Assignment: What you return should match the data below exactly, with no pictures in it.

Data extract:
↓↓↓
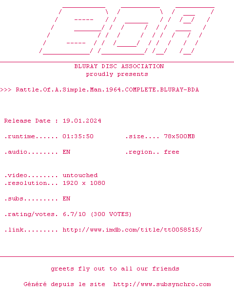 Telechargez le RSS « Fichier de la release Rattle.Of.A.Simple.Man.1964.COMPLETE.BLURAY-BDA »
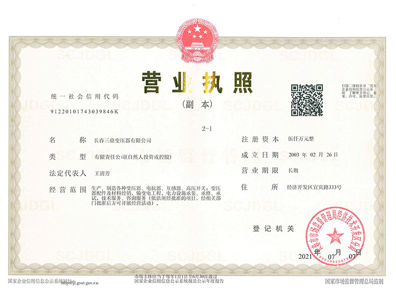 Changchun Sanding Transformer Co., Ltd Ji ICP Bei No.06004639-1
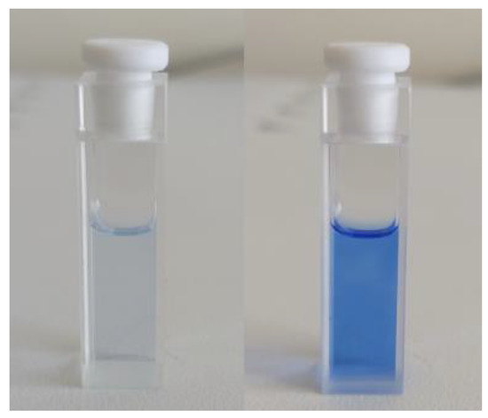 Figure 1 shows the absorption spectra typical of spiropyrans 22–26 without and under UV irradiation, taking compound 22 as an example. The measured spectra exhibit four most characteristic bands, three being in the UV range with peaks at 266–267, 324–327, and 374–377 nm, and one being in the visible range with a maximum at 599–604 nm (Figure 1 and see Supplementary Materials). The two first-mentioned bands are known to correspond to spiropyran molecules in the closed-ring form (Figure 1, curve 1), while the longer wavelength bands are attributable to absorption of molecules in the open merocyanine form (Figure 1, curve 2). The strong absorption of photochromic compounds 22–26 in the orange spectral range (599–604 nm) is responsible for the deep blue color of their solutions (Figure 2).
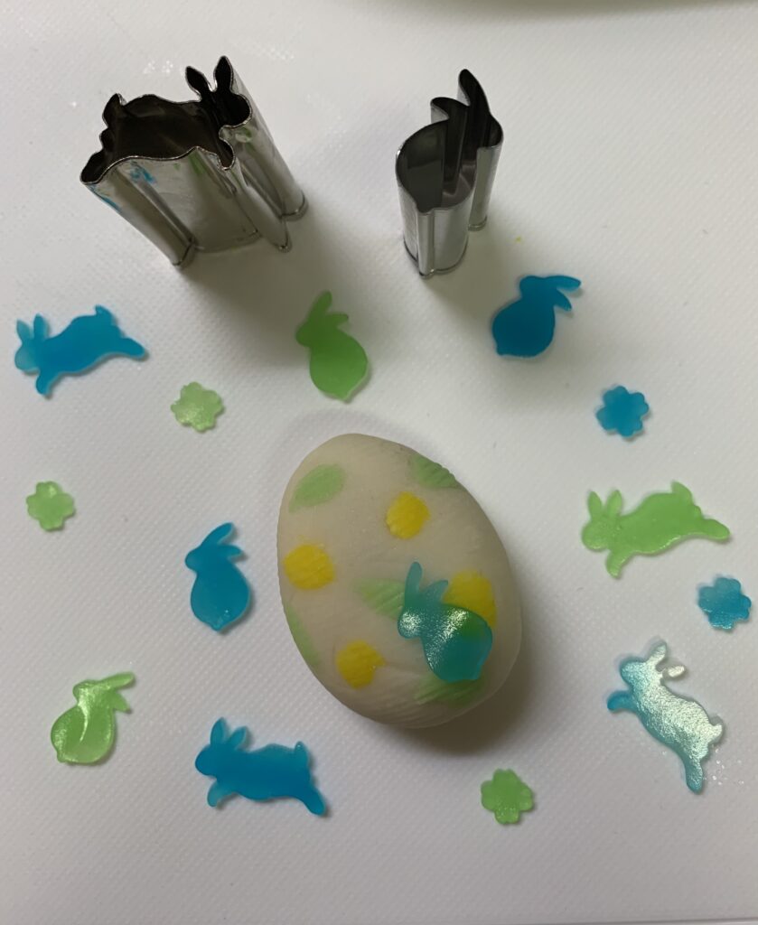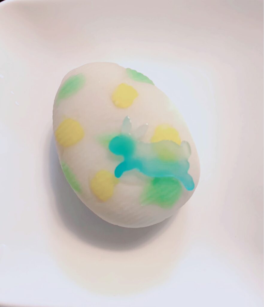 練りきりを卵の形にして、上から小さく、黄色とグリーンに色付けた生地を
↑↑↑
Completed exercise:
 Telechargez le RSS « Fichier de la release Rattle.Of.A.Simple.Man.1964.COMPLETE.BLURAY-BDA »
 Changchun Sanding Transformer Co., Ltd Ji ICP Bei No.06004639-1
 Figure 1 shows the absorption spectra typical of spiropyrans 22–26 without and under UV irradiation, taking compound 22 as an example. The measured spectra exhibit four most characteristic bands, three being in the UV range with peaks at 266–267, 324–327, and 374–377 nm, and one being in the visible range with a maximum at 599–604 nm (Figure 1 and see Supplementary Materials). The two first-mentioned bands are known to correspond to spiropyran molecules in the closed-ring form (Figure 1, curve 1), while the longer wavelength bands are attributable to absorption of molecules in the open merocyanine form (Figure 1, curve 2). The strong absorption of photochromic compounds 22–26 in the orange spectral range (599–604 nm) is responsible for the deep blue color of their solutions (Figure 2).
 練りきりを卵の形にして、上から小さく、黄色とグリーンに色付けた生地を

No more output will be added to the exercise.